Blog

spacer

spacer

Yehuda Katz is a member of the Ruby on Rails core team, and lead developer of the Merb project. He is a member of the jQuery Core Team, and a core contributor to DataMapper. He contributes to many open source projects, like Rubinius and Johnson, and works on some he created himself, like Thor.

spacer @chriseppstein ppl are constantly complaining to ppl who do free work.

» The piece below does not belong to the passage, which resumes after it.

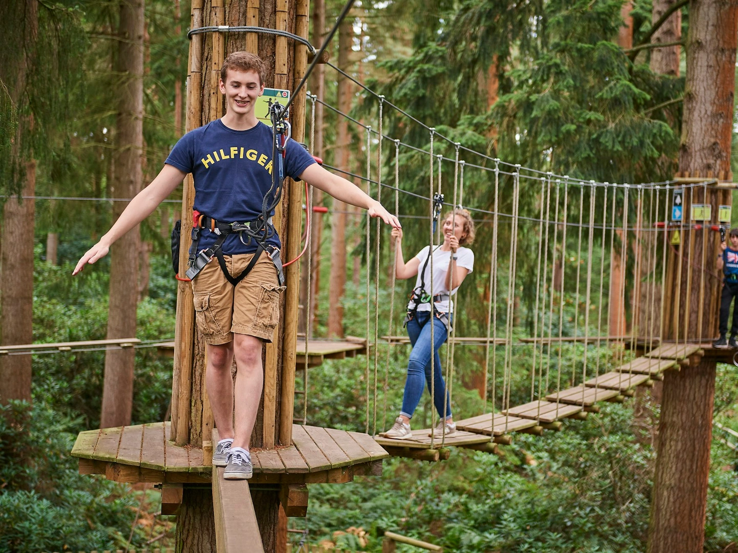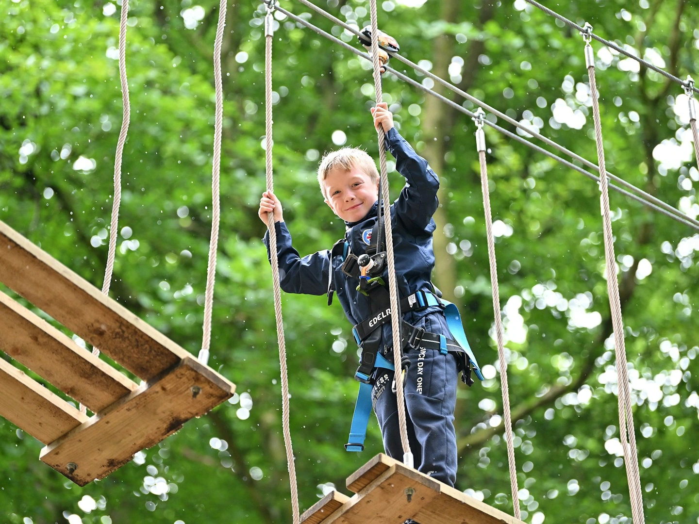 Our Continuous Belay system keeps you connected from start to finish. You’ll clip onto the safety line with a special trolley that only attaches and detaches on the ground — so once you’re up there, you stay secure the whole time. You’ll find this system on all Treetop Adventure, Treetop Adventure Plus, and Treetop Challenge Xpress courses — it’s simple, safe, and ideal for younger adventurers and families.

The same complaints are levelled at jQuery and Rails. @brendaneich

JavaScript Needs Blocks

January 10th, 2012

While reading Hacker News posts about JavaScript, I often come across the misconception that Ruby’s blocks are essentially equivalent to JavaScript’s “first class functions”. Because the ability to pass functions around, especially when you can create them anonymously, is extremely powerful, the fact that both JavaScript and Ruby have a mechanism to do so makes it natural to assume equivalence.

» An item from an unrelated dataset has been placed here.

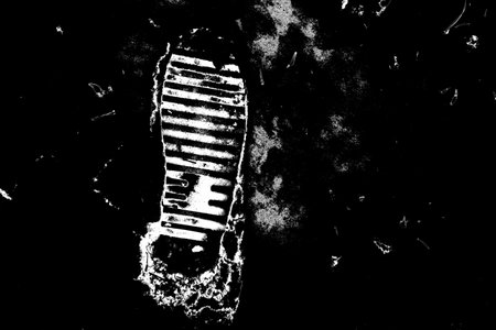 A single boot print in wet mud on a stone floor, showing texture and depth in every ridge

In fact, when people talk about why Ruby’s blocks are different from Python‘s functions, they usually talk about anonymity, something that Ruby and JavaScript share, but Python does not have. At first glance, a Ruby block is an “anonymous function” (or colloquially, a “closure”) just as a JavaScript function is one.

This impression, which I admittedly shared in my early days as a Ruby/JavaScript developer, misses an important subtlety that turns out to have large implications. This subtlety is often referred to as “Tennent’s Correspondence Principle”. In short, Tennent’s Correspondence Principle says:

“For a given expression expr, lambda expr should be equivalent.”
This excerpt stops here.